Certains Nigériens espèrent que le nouveau président se concentrera davantage sur le bien-être des enfants.
« La prise en charge des enfants de 0 à 5 ans est terrible », a déclaré à DW Hadjara Badjo, enseignant et résident de Niamey. « J’attends du prochain président qu’il améliore la vie des enfants ».
Les statistiques des Nations unies (ONU) indiquent que le taux de mortalité infantile au Niger est alarmant, avec plus de 80 décès pour 1000 enfants de moins de cinq ans.
Adamou Hassane, professeur à l’université de Niamey, pense que le prochain président devrait se concentrer sur l’éducation.
« Je ne pense pas qu’un président dans ce pays puisse réussir sans se concentrer sur les besoins fondamentaux tels que l’éducation », a-t-il déclaré à DW.
Cependant, le Niger a connu des améliorations économiques bien nécessaires sous le mandat du président sortant Issoufou : Entre 2011 et 2019, le PIB du pays est passé de 8,7 milliards de dollars (7,2 milliards d’euros) à 12,9 milliards de dollars. Ce résultat a été obtenu grâce à l’augmentation des investissements dans le secteur agricole, qui représente environ 40 % du PIB total du Niger.

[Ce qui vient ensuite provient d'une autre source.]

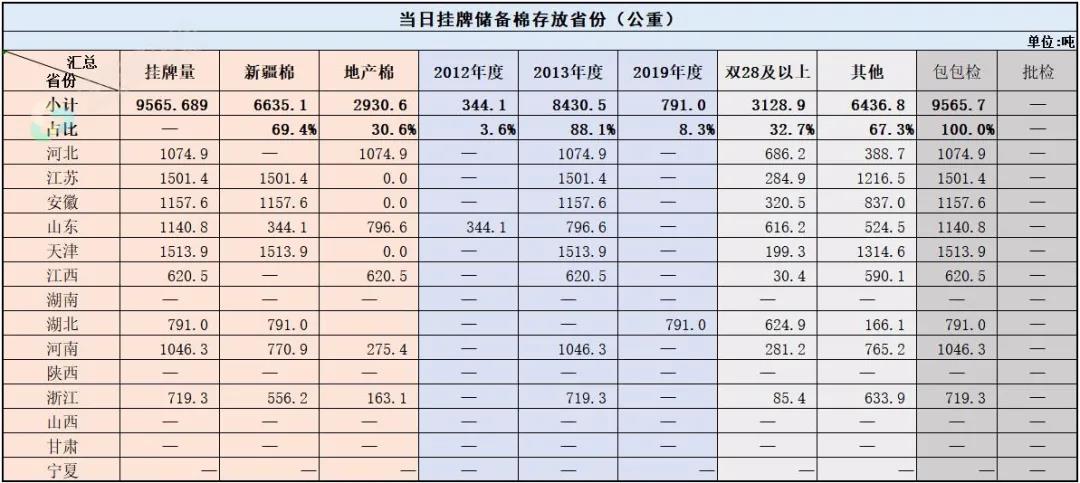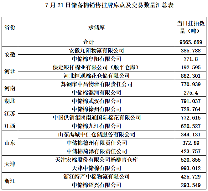 中國儲(chǔ)備棉管理有限公司定于7月21日上市銷售儲(chǔ)備棉重量9565.689噸,共41捆,其中新疆棉6635.11噸。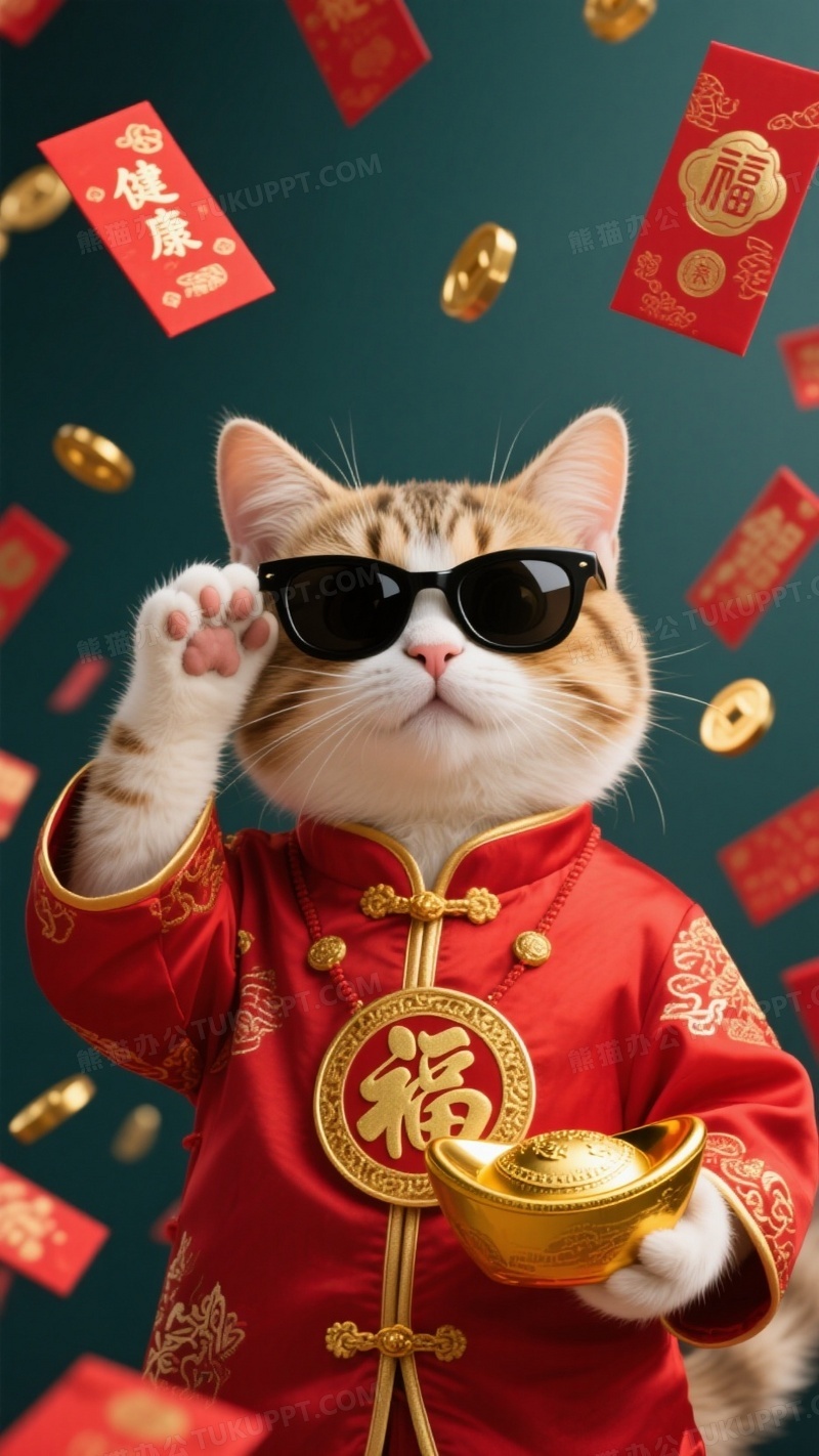 本作品内容为猫咪穿着一件红色的中式上衣, 格式为 jpg, 大小1 MB, 图片尺寸为936 x 1664, 源文件无水印, 欢迎使用熊猫办公。 如认为平台内容涉嫌侵权,可通过邮件:tousu@tukuppt.com提出书面通知,我们将及时处理。

La menace djihadiste reste critique
Le prochain transfert de pouvoir aura lieu dans le contexte d’une insurrection armée en cours dans toute la région.

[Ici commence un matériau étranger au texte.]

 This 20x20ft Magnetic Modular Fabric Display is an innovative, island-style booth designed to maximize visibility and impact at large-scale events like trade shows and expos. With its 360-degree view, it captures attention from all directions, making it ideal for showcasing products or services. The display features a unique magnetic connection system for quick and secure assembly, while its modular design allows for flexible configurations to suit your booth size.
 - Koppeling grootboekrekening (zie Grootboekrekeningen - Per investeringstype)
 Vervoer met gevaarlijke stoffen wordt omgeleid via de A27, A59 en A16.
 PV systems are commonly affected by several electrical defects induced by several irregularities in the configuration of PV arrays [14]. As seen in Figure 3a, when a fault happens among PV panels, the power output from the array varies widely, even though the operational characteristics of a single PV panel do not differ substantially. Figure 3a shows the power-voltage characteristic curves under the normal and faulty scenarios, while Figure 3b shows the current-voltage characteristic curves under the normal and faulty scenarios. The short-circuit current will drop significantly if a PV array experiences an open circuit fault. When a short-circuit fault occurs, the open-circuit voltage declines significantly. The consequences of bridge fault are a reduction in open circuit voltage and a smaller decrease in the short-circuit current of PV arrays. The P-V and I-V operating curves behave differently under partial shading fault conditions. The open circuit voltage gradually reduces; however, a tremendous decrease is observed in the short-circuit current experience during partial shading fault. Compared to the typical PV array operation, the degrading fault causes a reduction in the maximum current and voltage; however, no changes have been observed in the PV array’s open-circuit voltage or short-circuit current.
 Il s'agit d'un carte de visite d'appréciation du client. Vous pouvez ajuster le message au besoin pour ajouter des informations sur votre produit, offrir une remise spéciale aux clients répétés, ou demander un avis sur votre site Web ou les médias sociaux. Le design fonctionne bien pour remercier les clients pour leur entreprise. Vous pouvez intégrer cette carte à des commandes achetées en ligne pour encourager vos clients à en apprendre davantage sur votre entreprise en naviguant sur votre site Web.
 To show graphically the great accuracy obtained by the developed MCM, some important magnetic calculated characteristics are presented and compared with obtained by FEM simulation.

Des groupes islamistes armés affiliés à Al-Qaïda et à l’État islamique (IS) se sont répandus dans le désert aride du Sahel ces dernières années, cherchant à contrôler de vastes étendues de territoire, attaquant les forces de sécurité du Niger et alimentant les tensions ethniques en cours de route.
Des milliers de personnes ont été tuées par l’insurrection au cours de la dernière décennie, tandis que des millions ont été forcées de fuir leurs foyers.
Cet article a été écrit à l’origine en anglais et adapté par la Rédaction.